* WORK REQUIRED *
With the line containing "Cold Shoulder Ruffle" as the starting point, output the remaining lines of the data exactly as they are, through the last.

* MATERIAL PROVIDED *

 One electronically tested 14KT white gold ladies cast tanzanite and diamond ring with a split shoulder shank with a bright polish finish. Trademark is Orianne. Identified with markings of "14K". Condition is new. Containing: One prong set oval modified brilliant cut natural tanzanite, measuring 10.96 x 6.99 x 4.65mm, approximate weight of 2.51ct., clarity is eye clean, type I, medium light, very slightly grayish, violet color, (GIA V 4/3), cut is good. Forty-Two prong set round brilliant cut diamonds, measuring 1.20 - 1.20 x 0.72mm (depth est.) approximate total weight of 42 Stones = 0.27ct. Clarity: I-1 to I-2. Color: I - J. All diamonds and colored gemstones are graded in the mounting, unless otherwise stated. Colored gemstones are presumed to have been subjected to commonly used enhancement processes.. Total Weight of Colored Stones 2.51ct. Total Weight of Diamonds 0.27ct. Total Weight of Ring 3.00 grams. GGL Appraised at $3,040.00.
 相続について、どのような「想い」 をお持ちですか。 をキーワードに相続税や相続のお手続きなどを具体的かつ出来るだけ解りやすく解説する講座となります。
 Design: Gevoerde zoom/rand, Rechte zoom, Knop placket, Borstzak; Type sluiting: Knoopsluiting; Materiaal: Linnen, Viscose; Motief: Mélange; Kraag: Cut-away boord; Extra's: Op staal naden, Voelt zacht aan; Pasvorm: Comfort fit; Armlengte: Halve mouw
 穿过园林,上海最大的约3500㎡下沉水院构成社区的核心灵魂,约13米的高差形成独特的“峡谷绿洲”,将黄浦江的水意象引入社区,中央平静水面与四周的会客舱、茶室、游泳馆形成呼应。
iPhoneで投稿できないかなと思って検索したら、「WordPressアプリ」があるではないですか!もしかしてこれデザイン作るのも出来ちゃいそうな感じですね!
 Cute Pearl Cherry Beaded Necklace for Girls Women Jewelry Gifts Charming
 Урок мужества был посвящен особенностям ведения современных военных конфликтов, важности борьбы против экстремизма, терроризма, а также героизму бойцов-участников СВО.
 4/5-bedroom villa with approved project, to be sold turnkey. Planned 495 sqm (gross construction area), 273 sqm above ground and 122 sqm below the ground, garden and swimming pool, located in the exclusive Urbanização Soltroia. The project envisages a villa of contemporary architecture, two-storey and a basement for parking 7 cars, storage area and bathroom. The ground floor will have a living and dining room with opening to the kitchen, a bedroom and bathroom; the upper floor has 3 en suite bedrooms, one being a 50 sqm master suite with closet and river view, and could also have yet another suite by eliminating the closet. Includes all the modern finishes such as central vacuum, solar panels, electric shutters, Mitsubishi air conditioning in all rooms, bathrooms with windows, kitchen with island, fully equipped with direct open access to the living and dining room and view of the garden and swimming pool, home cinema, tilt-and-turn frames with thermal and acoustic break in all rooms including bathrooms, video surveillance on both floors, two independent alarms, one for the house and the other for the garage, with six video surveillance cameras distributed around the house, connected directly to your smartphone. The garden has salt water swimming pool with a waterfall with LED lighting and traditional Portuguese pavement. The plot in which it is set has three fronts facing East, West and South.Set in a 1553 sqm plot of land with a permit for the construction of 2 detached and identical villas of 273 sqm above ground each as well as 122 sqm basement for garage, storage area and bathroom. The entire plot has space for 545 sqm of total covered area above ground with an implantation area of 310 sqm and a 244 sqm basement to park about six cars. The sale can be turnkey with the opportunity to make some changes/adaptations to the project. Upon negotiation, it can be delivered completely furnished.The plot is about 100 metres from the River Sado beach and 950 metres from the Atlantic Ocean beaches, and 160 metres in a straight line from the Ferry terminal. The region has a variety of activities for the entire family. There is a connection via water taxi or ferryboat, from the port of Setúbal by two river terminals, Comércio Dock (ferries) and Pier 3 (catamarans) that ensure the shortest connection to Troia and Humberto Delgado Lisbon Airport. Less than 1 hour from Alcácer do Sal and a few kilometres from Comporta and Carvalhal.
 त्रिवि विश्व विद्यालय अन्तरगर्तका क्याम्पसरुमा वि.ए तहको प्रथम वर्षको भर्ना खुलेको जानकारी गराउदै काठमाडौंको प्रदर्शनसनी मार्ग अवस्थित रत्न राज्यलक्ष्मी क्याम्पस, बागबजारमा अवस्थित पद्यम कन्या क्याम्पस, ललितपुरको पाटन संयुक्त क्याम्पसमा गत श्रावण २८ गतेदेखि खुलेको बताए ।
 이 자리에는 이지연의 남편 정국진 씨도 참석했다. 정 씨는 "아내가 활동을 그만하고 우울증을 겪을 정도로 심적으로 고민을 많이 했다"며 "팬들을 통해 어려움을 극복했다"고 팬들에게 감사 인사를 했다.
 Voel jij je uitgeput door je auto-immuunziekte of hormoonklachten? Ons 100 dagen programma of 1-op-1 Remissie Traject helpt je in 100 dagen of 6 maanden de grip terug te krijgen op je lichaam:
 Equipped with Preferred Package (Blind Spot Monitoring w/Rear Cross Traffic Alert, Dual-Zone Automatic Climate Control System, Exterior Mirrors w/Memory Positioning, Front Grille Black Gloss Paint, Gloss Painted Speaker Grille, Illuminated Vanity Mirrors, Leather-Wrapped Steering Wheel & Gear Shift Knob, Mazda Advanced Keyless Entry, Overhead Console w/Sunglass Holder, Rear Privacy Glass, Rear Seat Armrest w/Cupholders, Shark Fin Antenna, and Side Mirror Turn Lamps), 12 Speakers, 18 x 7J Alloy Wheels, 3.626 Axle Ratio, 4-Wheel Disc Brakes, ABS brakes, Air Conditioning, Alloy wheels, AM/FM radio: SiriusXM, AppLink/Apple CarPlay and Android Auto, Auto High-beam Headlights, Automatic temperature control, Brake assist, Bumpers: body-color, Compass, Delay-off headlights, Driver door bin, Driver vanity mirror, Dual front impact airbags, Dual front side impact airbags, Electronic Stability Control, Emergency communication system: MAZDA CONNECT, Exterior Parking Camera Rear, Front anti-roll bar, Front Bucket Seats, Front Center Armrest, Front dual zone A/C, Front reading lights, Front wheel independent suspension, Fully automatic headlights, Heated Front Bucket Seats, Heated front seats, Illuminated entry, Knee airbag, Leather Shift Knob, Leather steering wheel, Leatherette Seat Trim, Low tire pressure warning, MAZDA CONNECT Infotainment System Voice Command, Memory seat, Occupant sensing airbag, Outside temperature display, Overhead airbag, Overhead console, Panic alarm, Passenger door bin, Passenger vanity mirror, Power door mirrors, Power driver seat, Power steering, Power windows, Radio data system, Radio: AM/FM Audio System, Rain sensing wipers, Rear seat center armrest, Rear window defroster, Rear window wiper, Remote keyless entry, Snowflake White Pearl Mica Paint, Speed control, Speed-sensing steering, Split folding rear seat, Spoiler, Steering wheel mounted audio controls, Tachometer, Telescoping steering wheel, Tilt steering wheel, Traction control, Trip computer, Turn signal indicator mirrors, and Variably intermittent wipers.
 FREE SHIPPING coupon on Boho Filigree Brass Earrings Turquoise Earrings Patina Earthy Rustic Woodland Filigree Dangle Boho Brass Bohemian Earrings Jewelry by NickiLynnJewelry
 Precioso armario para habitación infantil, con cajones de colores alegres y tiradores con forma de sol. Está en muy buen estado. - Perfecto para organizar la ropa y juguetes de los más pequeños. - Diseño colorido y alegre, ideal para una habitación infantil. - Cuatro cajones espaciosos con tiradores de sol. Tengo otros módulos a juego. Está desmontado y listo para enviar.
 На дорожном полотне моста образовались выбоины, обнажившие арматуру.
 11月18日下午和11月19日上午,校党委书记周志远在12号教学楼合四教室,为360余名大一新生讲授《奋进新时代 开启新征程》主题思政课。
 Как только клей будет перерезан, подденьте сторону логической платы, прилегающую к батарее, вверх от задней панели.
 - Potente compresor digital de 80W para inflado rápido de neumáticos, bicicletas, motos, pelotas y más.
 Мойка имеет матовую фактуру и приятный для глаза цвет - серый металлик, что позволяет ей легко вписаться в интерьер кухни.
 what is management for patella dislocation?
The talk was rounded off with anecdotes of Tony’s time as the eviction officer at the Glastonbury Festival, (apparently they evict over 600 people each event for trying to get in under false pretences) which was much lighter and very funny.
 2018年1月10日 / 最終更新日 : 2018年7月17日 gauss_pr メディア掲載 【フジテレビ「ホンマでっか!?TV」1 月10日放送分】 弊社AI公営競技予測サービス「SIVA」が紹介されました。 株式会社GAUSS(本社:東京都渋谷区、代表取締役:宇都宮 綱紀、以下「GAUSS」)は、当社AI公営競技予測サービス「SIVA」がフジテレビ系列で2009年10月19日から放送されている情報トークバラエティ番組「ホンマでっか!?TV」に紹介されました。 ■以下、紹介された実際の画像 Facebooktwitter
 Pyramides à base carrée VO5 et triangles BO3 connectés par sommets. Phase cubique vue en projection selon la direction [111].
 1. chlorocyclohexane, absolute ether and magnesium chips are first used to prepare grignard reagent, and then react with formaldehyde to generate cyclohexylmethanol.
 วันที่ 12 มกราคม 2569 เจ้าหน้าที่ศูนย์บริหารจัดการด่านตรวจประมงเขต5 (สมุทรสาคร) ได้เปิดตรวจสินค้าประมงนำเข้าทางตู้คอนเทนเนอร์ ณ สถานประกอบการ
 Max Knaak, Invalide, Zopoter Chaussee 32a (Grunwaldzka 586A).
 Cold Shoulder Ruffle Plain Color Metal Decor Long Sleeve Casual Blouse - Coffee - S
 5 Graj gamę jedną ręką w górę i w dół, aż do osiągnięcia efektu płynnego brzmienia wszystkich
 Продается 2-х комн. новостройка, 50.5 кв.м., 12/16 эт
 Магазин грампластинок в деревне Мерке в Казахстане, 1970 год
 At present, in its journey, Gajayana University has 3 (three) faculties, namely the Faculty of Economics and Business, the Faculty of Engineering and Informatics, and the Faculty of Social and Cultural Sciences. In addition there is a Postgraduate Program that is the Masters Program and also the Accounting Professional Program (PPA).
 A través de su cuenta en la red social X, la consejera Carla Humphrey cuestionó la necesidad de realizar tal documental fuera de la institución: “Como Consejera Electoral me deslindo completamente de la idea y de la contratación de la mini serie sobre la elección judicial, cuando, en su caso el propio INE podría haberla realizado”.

* EXERCISE SOLUTION *
 Cold Shoulder Ruffle Plain Color Metal Decor Long Sleeve Casual Blouse - Coffee - S
 5 Graj gamę jedną ręką w górę i w dół, aż do osiągnięcia efektu płynnego brzmienia wszystkich
 Продается 2-х комн. новостройка, 50.5 кв.м., 12/16 эт
 Магазин грампластинок в деревне Мерке в Казахстане, 1970 год
 At present, in its journey, Gajayana University has 3 (three) faculties, namely the Faculty of Economics and Business, the Faculty of Engineering and Informatics, and the Faculty of Social and Cultural Sciences. In addition there is a Postgraduate Program that is the Masters Program and also the Accounting Professional Program (PPA).
 A través de su cuenta en la red social X, la consejera Carla Humphrey cuestionó la necesidad de realizar tal documental fuera de la institución: “Como Consejera Electoral me deslindo completamente de la idea y de la contratación de la mini serie sobre la elección judicial, cuando, en su caso el propio INE podría haberla realizado”.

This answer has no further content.